TRY IT: Locate, in the data below, the line that contains "A dramatic sunset" and the line that contains "Kız çocukları için"; reproduce exactly those two lines and every line between them, nothing more.

DATA EXTRACTS:
※ ※ ※

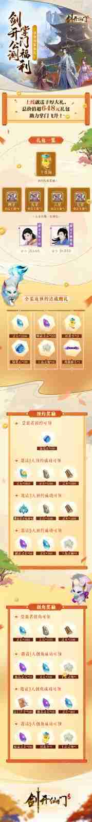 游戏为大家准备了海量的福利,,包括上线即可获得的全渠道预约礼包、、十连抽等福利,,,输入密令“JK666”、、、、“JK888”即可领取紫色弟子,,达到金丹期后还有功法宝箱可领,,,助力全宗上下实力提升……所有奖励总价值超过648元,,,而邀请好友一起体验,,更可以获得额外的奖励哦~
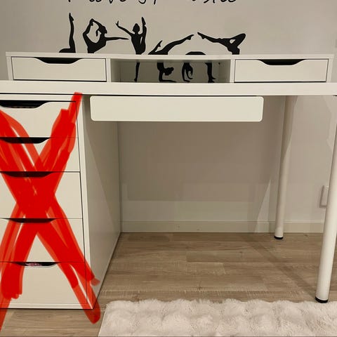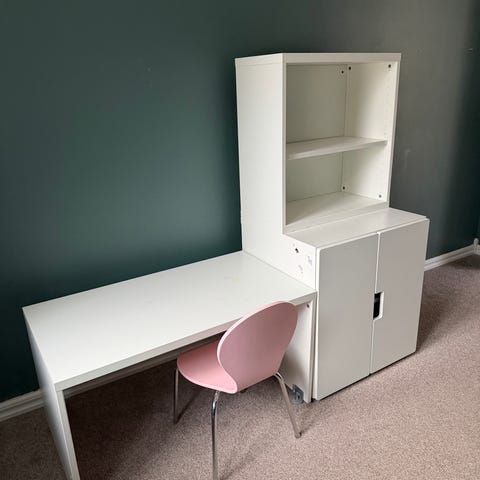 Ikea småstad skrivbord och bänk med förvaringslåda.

※ ※ ※

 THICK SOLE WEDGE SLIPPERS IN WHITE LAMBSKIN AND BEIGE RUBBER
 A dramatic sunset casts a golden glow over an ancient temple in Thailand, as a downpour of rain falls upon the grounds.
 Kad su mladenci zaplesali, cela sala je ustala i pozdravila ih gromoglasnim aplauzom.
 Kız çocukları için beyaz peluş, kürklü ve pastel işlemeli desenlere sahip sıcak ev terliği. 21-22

※ ※ ※

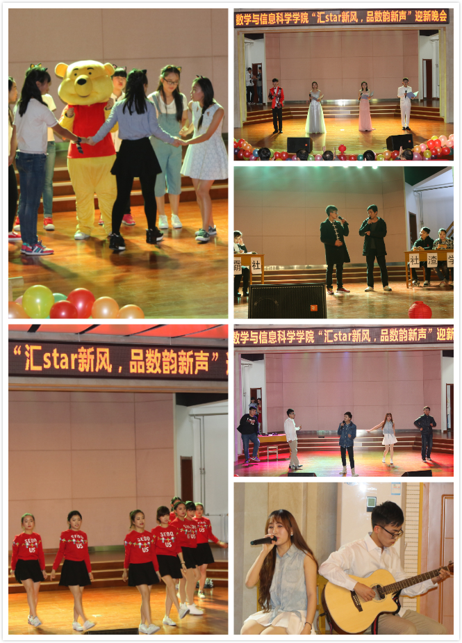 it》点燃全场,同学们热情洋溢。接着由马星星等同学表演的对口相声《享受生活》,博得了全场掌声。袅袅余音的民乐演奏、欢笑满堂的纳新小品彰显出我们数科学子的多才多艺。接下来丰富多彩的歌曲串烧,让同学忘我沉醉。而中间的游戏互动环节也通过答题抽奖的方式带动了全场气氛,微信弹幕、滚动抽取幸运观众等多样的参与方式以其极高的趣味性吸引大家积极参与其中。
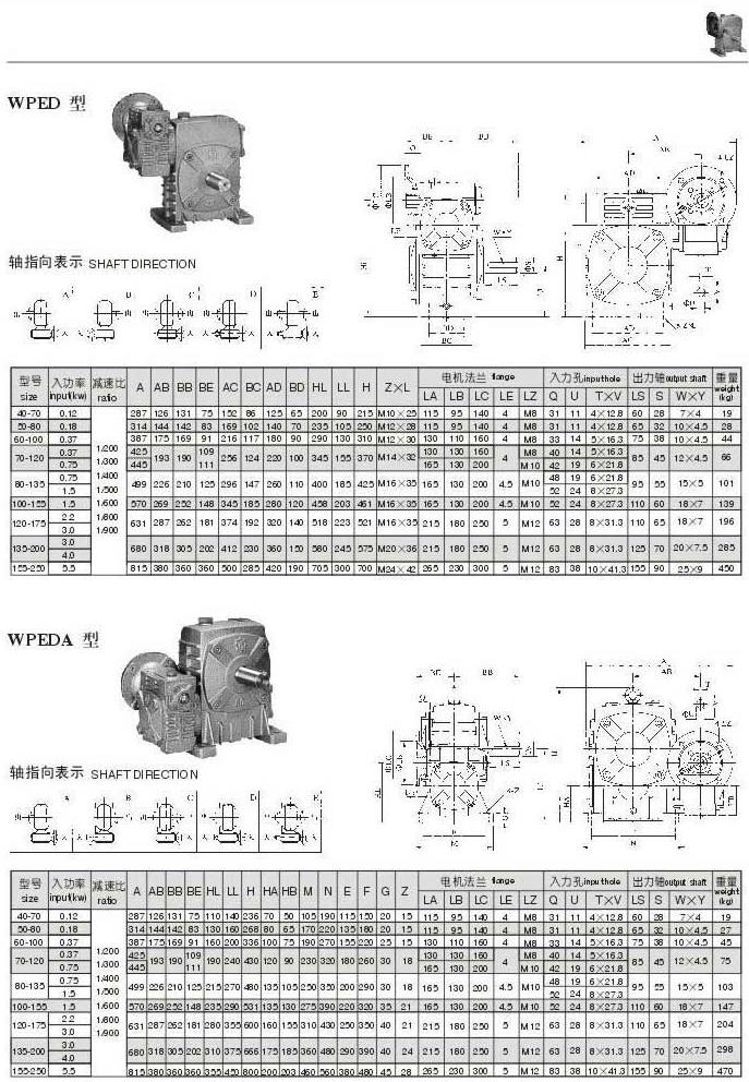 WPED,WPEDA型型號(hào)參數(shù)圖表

※ ※ ※

EXERCISE OUTPUT:
 A dramatic sunset casts a golden glow over an ancient temple in Thailand, as a downpour of rain falls upon the grounds.
 Kad su mladenci zaplesali, cela sala je ustala i pozdravila ih gromoglasnim aplauzom.
 Kız çocukları için beyaz peluş, kürklü ve pastel işlemeli desenlere sahip sıcak ev terliği. 21-22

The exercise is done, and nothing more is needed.